I think Woodcraft sells the Pinnacle cap irons.blades as well as the Hock blades.


----------



## ACP (Jan 24, 2009)

I've used the Lee Valley's iron/cap iron. I love them. I went with A2 because I hate sharpening and think the A2 lasts longer. They are the best value to performance in my opinion.


----------



## islandboy85 (Sep 17, 2011)

Awesome, thanks for your input. I don't have the money to do all of them at once. Which plane do you use most? I've heard the #4 is most used.


----------



## Dave Paine (May 30, 2012)

islandboy85 said:


> Awesome, thanks for your input. I don't have the money to do all of them at once. Which plane do you use most? I've heard the #4 is most used.


This is not an easy question to answer, since I think our needs all differ.

The #4 and #5 have the same 2in blade width.

I happen to like using the #4 over the #5, when I want to do some light duty work. Some folks will prefer the longer bed of the #5.

Try using both planes on a test piece and see if one feels easier to use than the other.

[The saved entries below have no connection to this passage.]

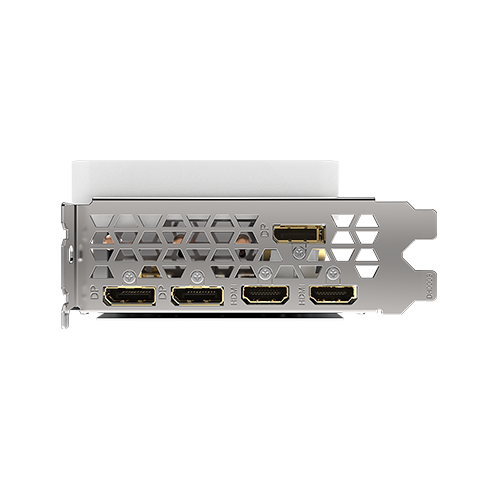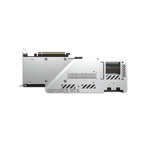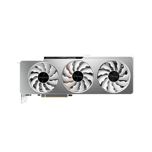 The Gigabyte RTX 3080 Ti VISION OC Graphics Card From Gigabyte. the Gigabyte RTX 3080 Ti VISION OC Graphics Card brings the power of real-time ray tracing and AI to your PC games. The Ampere architecture features 2nd Gen RT Cores and 3rd Gen Tensor Cores. The GPU features 12GB of GDDR6X VRAM and a 384-bit memory interface, offering improved performance and power efficiency over the previous Turing-based generation. The front panel of the card features a variety of outputs, such as DisplayPort 1.4a and HDMI 2.1. HDMI 2.1 supports up to 48 Gb/s bandwidth and a range of higher resolutions and refresh rates, including 8K @ 60fps, 4K @ 120fps, and even up to 10K. The RTX 3080 Ti is not just about high-resolution gaming. Computationally intensive programs can utilize the GPU's 10240 cores to accelerate tasks using CUDA and other APIs.For cooling, Gigabyte implemented the WINDFORCE 3X cooling system. It features two 90mm fans and one 80mm fan. The fans feature unique blades, where the airflow is split by the triangular fan edge, and guided smoothly through the 3D stripe curve on the fan surface. With alternate spinning, the fans reduce turbulence and increase air pressure. The 3D Active Fan provides semi-passive cooling and the fans will turn off when the GPU is in a low load or low power state. There is also seven composite copper heat pipes and a large copper plate with direct contact to the GPU and VRAM, which efficiently transfer heat. The extended heatsink design allows air flow to pass through, providing better heat dissipation. It also has RGB Fusion 2.0, which has 16.7 million customizable color options and a variety of lighting effects. You can also use it to synchronize with other AORUS devices.
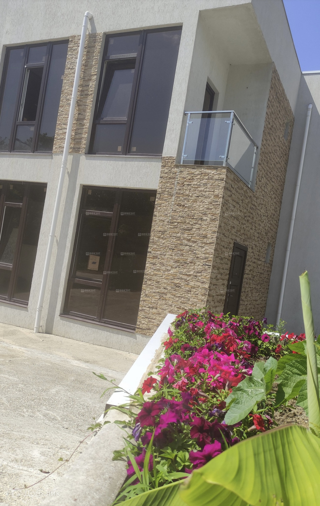 Дом монолит-каркас с панорамными окнами с энергосберегающими стеклопакетами. Натуральный камень, стальные ограждения, металлические фасадные панели, декоративная штукатурка.
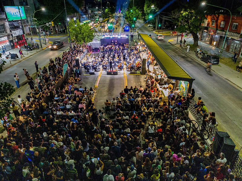 En la esquina de Dorrego, estaba el escenario central con un fondo distintivo para las y los residentes del partido: el Monumento a la Bandera. En semicírculo, el ensamble comunal afinó sus instrumentos. La llegada del maestro Darío Domínguez Xodo marcó el inicio.
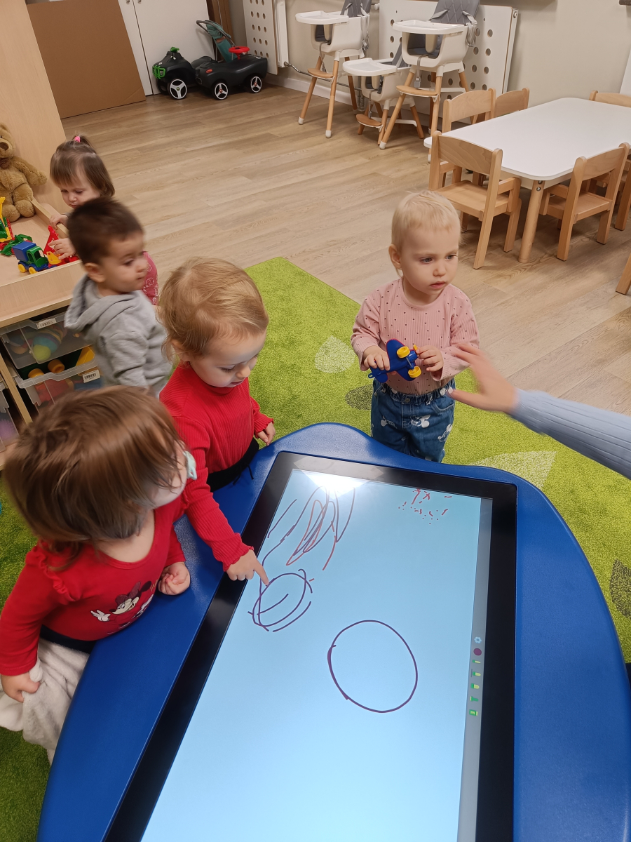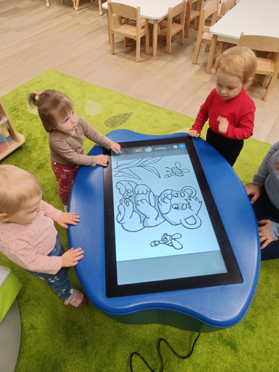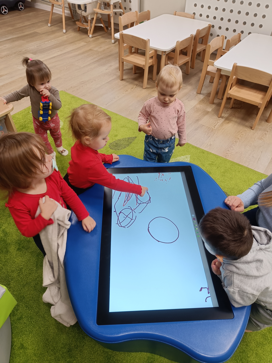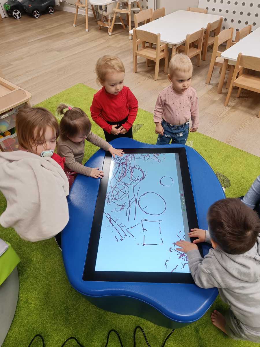 Maluchy mogły odkrywać kolory, kształty i dźwięki, a także rozwijać motorykę małą oraz logiczne myślenie poprzez zabawę. Interaktywny stolik zachęcał dzieci do wspólnego działania, dotykania, przesuwania i eksperymentowania — a radości było co niemiara!
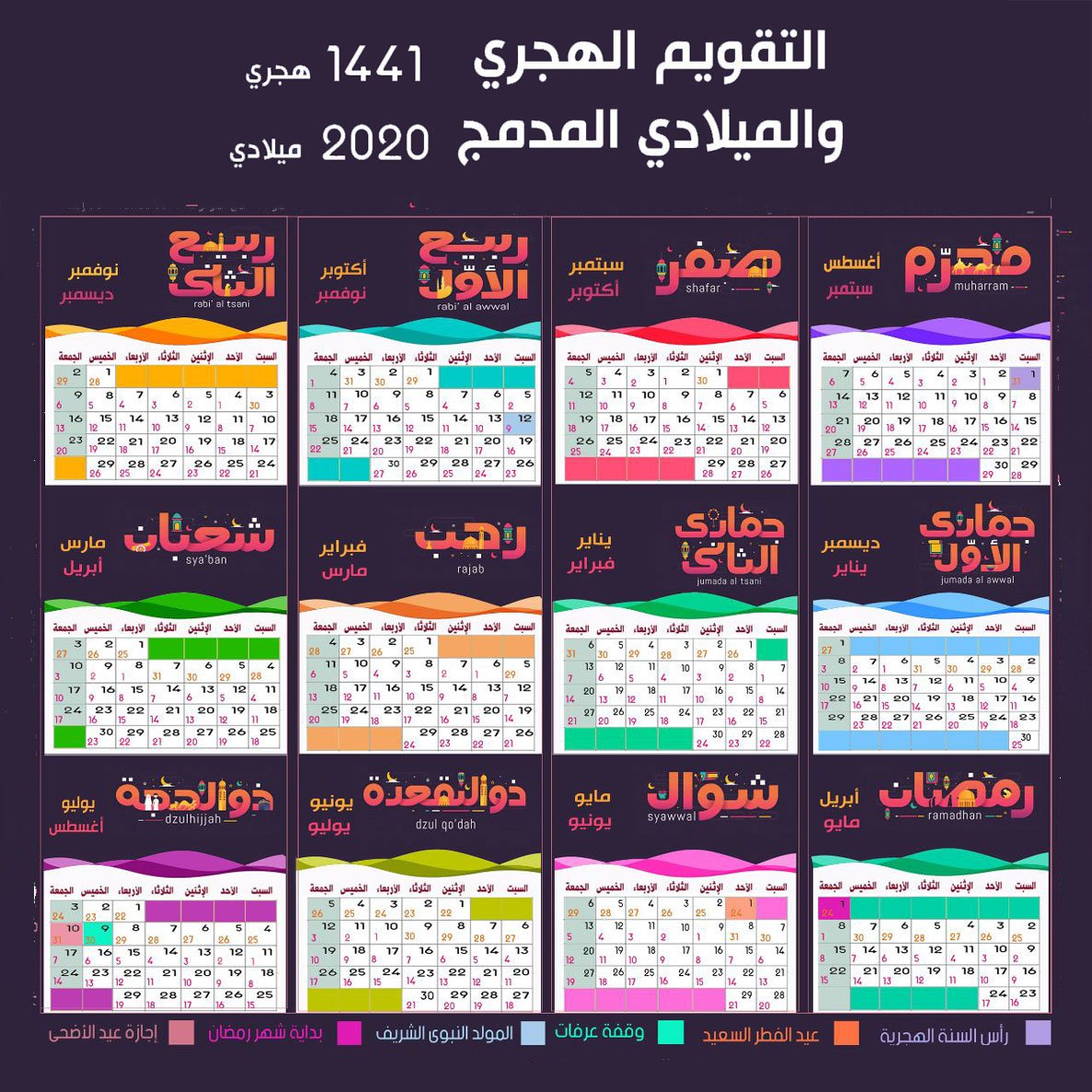 التقويم الهجري والميلادي لعام 1441هـ 2020م بالاجازات تكنو هوم

See if either the #4 or #5 has sides which are truly 90 deg. The older Stanleys were not always milled to be true. If one is true, this can also be used on a chuting board, and I would upgrade this one first.

I use the longer #6 when I need to get a straight edge on a rough cut board so I can run this on the table saw.

If I were to track the frequency of use, my LV medium shoulder plane may have the most use.


----------



## Fred Hargis (Apr 28, 2012)

islandboy85 said:


> Awesome, thanks for your input. I don't have the money to do all of them at once. Which plane do you use most? I've heard the #4 is most used.


On my Stanley 4 and 5, it looks like the cap irons/blade and lever cap are the same. You might be able to get one set and switch it around for testing.


----------



## Woodwart (Dec 11, 2012)

Fred Hargis said:


> On my Stanley 4 and 5, it looks like the cap irons/blade and lever cap are the same. You might be able to get one set and switch it around for testing.


You can do this. I have switched blades between #4s and #5s often. I've never seen a #6, but I thought they used the same blade. :confused1:


----------



## Dave Paine (May 30, 2012)

Woodwart said:


> You can do this. I have switched blades between #4s and #5s often. I've never seen a #6, but I thought they used the same blade. :confused1:


#4 and #5 share the 2in wide blade and iron.

#6 and #7 share the 2 3/8in wide blade and iron.

#8 uses 2 5/8in blade and iron.


----------



## Woodwart (Dec 11, 2012)

Dave Paine said:


> #4 and #5 share the 2in wide blade and iron.
> 
> #6 and #7 share the 2 3/8in wide blade and iron.
> 
> #8 uses 2 5/8in blade and iron.


Apparently. :smile: There are a couple of models of #4 and #5 that use the 2 3/8 blade too, but I've never seen them, either. :huh:


----------



## timetestedtools (Aug 23, 2012)

The Stanley 4 and 5 all took 2" irons. You may be thinking of the #4 1/2 and #5 1/2.

You didn't mention *WHY* you needed new irons. Are the originals that bad?


----------



## islandboy85 (Sep 17, 2011)

timetestedtools said:


> The Stanley 4 and 5 all took 2" irons. You may be thinking of the #4 1/2 and #5 1/2.
> 
> You didn't mention WHY you needed new irons. Are the originals that bad?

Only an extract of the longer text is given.